Marketplace Realities: Opportunities for Stable Value

Addressing the SVIA’s annual Fall Forum 2012 in Washington, D.C., Eric Levy, senior vice president, Product Solutions Management for Lincoln Financial Group, declared that for many retirement plan participants, the investment landscape now appears dramatically more risky than it did five years ago.

Following the stock market crash that began in 2007, he noted, nearly a third of the participants in defined contribution plans who were nearing retirement age either reallocated money to more conservative investments and/or postponed their retirement date.
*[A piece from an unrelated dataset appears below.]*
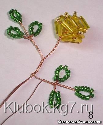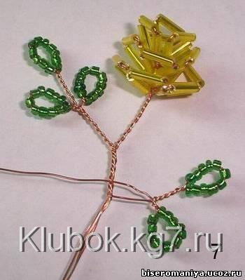 Получившуюся розочку отложим и сделаем на другой проволочке три петельки из зеленого бисера по 11 бисеринок, по форме напоминающей лист розы.
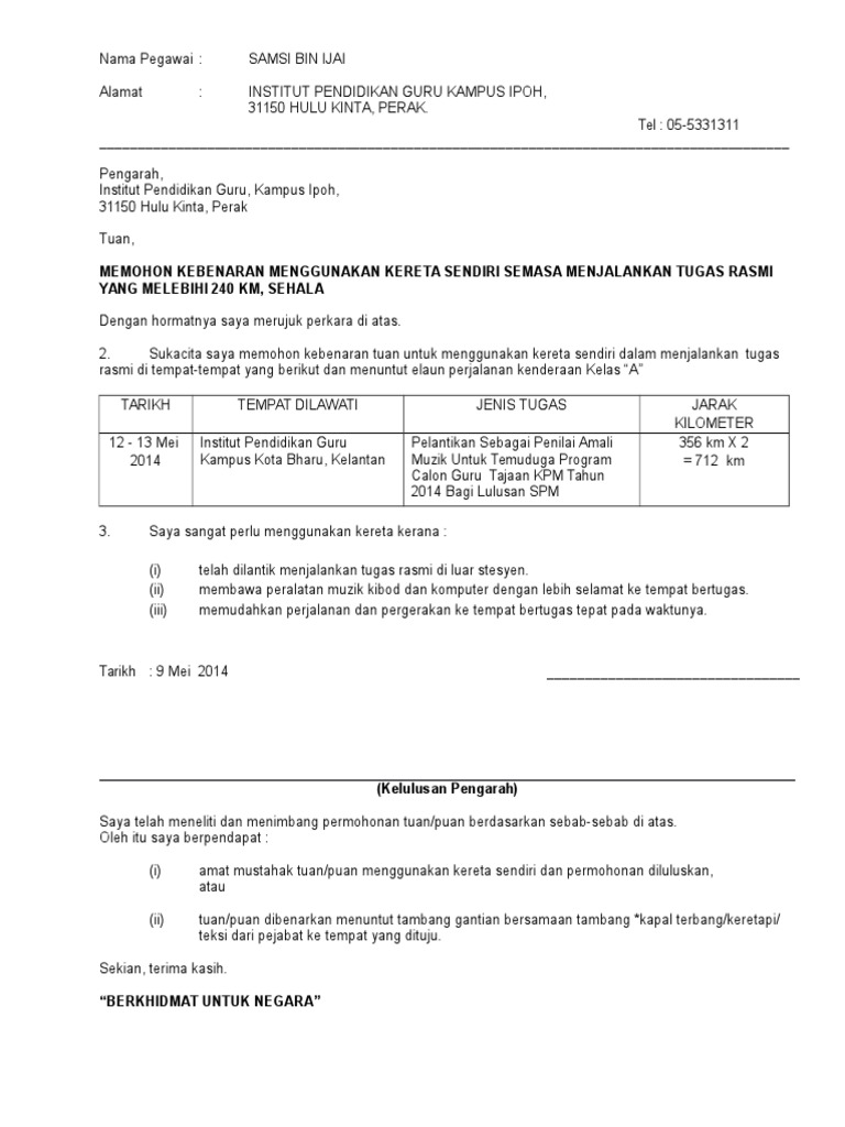 Contoh Surat Kebenaran Penggunaan Kenderaan

Stable value products already play a meaningful role in defined contribution plans. The approximately $646 billion held in stable value funds accounts for about 14 percent of the total assets in those retirement savings plans. But given the evolving challenges facing investors and retirement plan sponsors, the stable value industry could do more to ensure that its products remain an attractive investment option for retirement plan participants, said Levy.

It isn’t only those workers in their 50s and 60s who have become more conservative. About 20 percent of the 55 million “Generation X” workers born between 1965 and 1977 have no money allocated to equities in their defined contribution plans. And 40 percent of the 77 million Americans in Generation Y, born between 1978 and 1995, agree that they will “never feel comfortable investing in the stock market.”

This would seem to present an opportunity for the stable value industry, which offers a conservative investment product providing principal preservation and stable returns. But, Levy said, to fully capitalize on that opportunity the industry will have to do a better job of explaining to investors, in plain English, what stable value is and how it can help them achieve their retirement savings goals. Educational programs provided by plan providers have changed over the past decade, Levy acknowledged, but he contended that they haven’t evolved enough to demystify for plan participants what can be a fairly complex product.

In addition to doing a better job of educating plan participants, Levy said the industry also will have to do a better job of making plan sponsors aware of stable value, and of helping plan sponsors understand its benefits and challenges—particularly among small and mid-size plans. The industry also needs to differentiate stable value from its competitors, he said, especially as other products are introduced that attempt to manage investment-return volatility. He also advised that it should work hard to make sure stable value products are included in asset-allocation solutions offered to 401(k) plan participants, such as target-date funds, managed accounts and advice platforms.

Finally, Levy said, the stable value industry may want to consider asking the Department of Labor to reconsider what qualifies as a “qualified default investment alternative,” or QDIA, to include stable value products. Right now, target-date funds are by far the most popular QDIAs. The time for revisiting the issue could be right, he said, given that “target-date funds, off-the-shelf, have not necessarily worked to the advantage of (plan) participants, and given that we (the stable value industry) have created some good returns on a risk-adjusted basis.”